McCardle cowered on the ground as Adam closed on him. He lifted an arm to shield his face. “You … would save her?” The old man’s voice was ragged, and he puffed for air. “The girl that killed you?”
I went limp. The truth, the one I’d been holding on to with a death grip, the one that every day I’d had an opportunity to share and that every day I’d chosen not to, was out. What could I say now that hadn’t already been said in one bone-crushing sentence?
Adam stopped. When he turned, his expression was a raw wound. His eyes held pools of sorrow. “Victoria?” There was still awe there and hope, and I felt it begin to crumble through my fingers.
“I killed you,” I said softly. “It was me that night.” A strangled groan, nearly inhuman. “It was an accident.” Since the night of the wreck, we’d come miles, but when I stared across an endless chasm at my creation, I felt that I’d returned to our start. I stood dripping wet in front of him, begging for his forgiveness, pleading with him to understand. I didn’t know whether I deserved it, only that I was what I was and he was what he was and that neither of us could hide from it. Neither of us were perfect, only special.
He wrapped his hands around his head and pulled his elbows over his face like a cage. The air between us crackled, and I mentally readied myself for an attack. I could feel the violence raging within him. My own creation may kill me with his bare hands, I realized.
Find the thing you love and let it kill you. That was what my father had done.
He lowered his hands. His entire body was shaking now. “I remember,” he said. “It’s…”
Out of the corner of my eye, there was movement. I tensed. McCardle stretched his fingers for something. The gun on the ground. “Adam!”
There was less than an instant. Adam’s decision balanced on the edge of a razor before it tipped over and fell. Forever. Irrevocably. And then he was mine.

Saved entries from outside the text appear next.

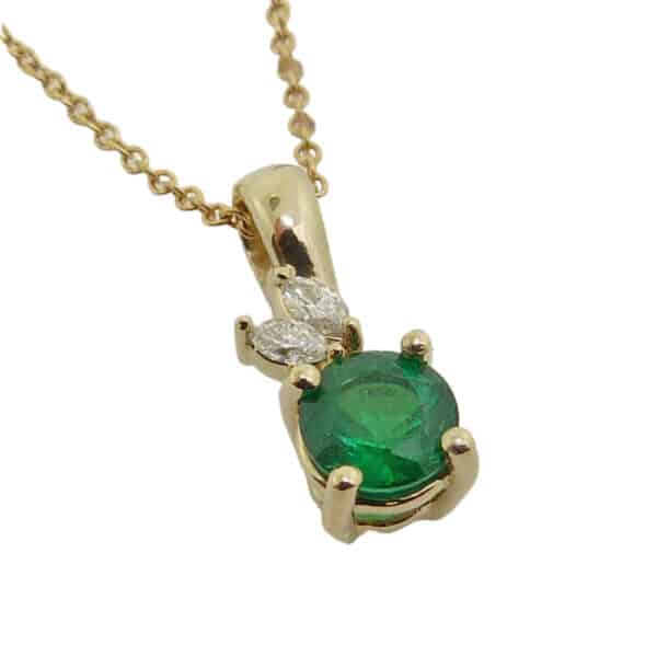 14K Yellow gold pendant set with one 0.557 carat round emerald and two marquis shaped diamonds totaling 0.073 carats, SI1, G/H.
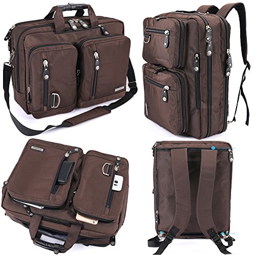 - The item size:20 x 15 x 8 inches The laptop room size:18*13*2.5 inches,Please check your laptop size before order.3-in-1 Multi-Purpose: Briefcase Transforms ,Sleek and versatile design, the bag is convertible for use as briefcase, messenger bag, or backpack depending on need and carrying preference.
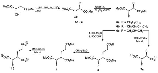 Dimethyl (S)-malate was first alkylated with an appropriate alkyl/allyl bromide. This reaction was highly stereoselective, as expected for a Seebach-type alkylation [8] and resulted in formation of single diastereoisomers of compounds 5a–c. The stereochemistry of these compounds was assigned as (2S,3R), based on the known stereospecificity of the Seebach alkylation of (S)-malate [8,9]. With dimethyl (R)-malate as a substrate, (2R,3S) stereoisomers were formed as the only products (data not shown). Treatment of compounds 5a–c with DAST afforded single diastereoisomers of the succinate derivatives 6a–c. This reaction, as a nucleophilic substitution of the SN2 type [10], lead to the inversion of configuration at the hydroxyl-substituted C2 atom. Obviously, there was no inversion of the actual absolute configuration at C3 in this reaction but its stereochemical notation changed, due to the introduction of fluorine at C2. Thus the (2R,3S) configuration could be assigned to compounds 6a–c. Compound 6c was converted into dimethyl (2R,3S)-2-fluoro-2-deoxyhomoisocitrate in a two-step reaction. The trimethyl ester 9 was obtained upon treatment of dimethyl (2R,3S)-2-fluoro-2-deoxyhomoisocitrate 8 with an ethereal solution of diazomethane and could be converted into the respective tripotassium salt 10. All the compounds 1–10 were fully characterized using their spectroscopic data.
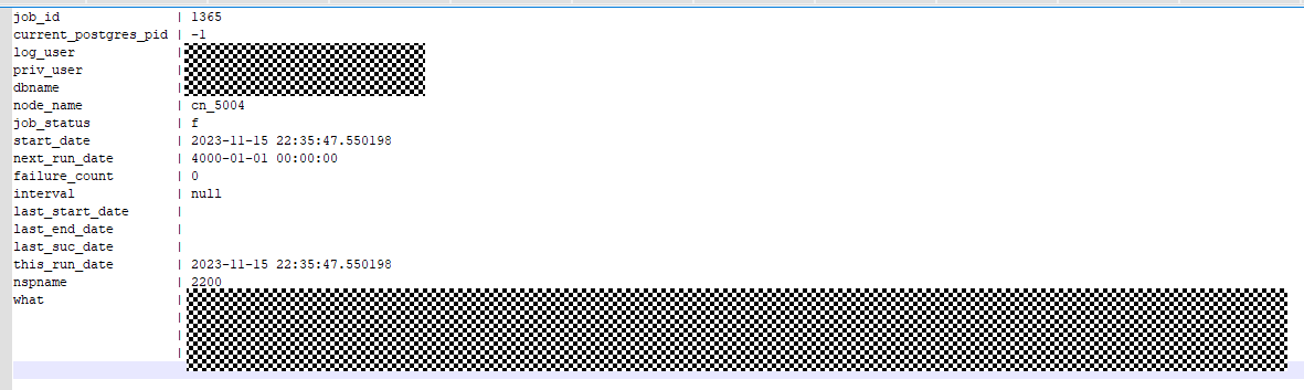 状态一:当时间到达job任务的next_run_date时间,job任务会进入任务队列,单个cn的job并发上限受到job_queue_processes的 限制,默认为10,超出该限制的任务会进行排队,此时job_status即任务的状态为f,start_date为创建job时传入的开始时间参数,start_date和next_run_date的值都为空,this_run_date的值也为空(当开始执行时该字段会进行刷新)。
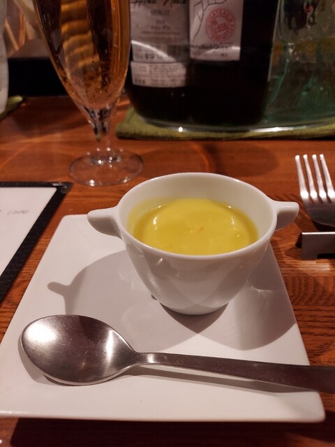 生ビールでスタートして、前回同様お通しは温かいスープ。

He lurched on a damaged leg and pinned McCardle’s arm. “Not … Victoria.” I watched horror-struck as Adam’s hands wrapped around the neck of the man who used to be our school’s janitor. Tearing myself from the spot, I reached for the gun, pulling it to safety and out of reach. The weight of it in my hands again felt deadly and even scarier now that it had been pointed at my brain. Milliseconds went by that felt excruciatingly long. McCardle began to gurgle. His frail lips worked for words.
I could have stopped Adam, but I didn’t. I was ready to watch McCardle die, when suddenly, Adam released his grip. He slid away from the old man and sank his head into his hands. “Not yet, Adam,” I said, too quietly for anyone to hear.
“My son,” McCardle wept. “My son.” The contorted evil that had engulfed his features had vanished, and what was left was just a man stricken with grief.
I sensed the defeat in McCardle as he dragged himself to his feet. The retreat in his step. I watched as he tried to shift into the shadows, to disappear into the woods he knew so well. The Hunter of Hollow Pines. Only, it was too late. I couldn’t let that happen. He knew our secret. He knew what Adam was. He knew what I had done.
My hands were slick with sweat. I held the barrel of the gun straight out from my body. I had to do something. I always knew when something hard had to be done and when someone special had to do it. So I did. I fired. The first bullet missed, whizzing by to lodge in a tree trunk somewhere. Lost. I fired a second shot.
This time Old Man McCardle doubled over. He clutched his stomach. The word son made it halfway out before he collapsed. The muscles in my arms dissolved, and the gun plummeted from my hands.
THIRTY-NINE
A description of the event: The storm approached Hollow Pines from the northeast corridor. As it neared, it became clear that the lightning was both attracted to and reinforced by the presence of the generators. A few stray lightning bolts hit close to home, but when, at last, a series of bolts found their mark, the electricity was harnessed and strengthened through the use of the adjustable spark gap. The tangle of lightning was too bright for the bare human eye to view without discomfort. A single, combined bolt made it to the ground, amplified in brightness and intensity more than any observed in nature of which I am aware.
*
The adrenaline drained from my body with the waning storm and we were left with the damage. The final shot rang in my ears. My eyes were too wide. I stumbled to the overturned lantern, barely seeing. I stared at the wreckage, which seemed to fan out from me like I was a bomb that had already detonated.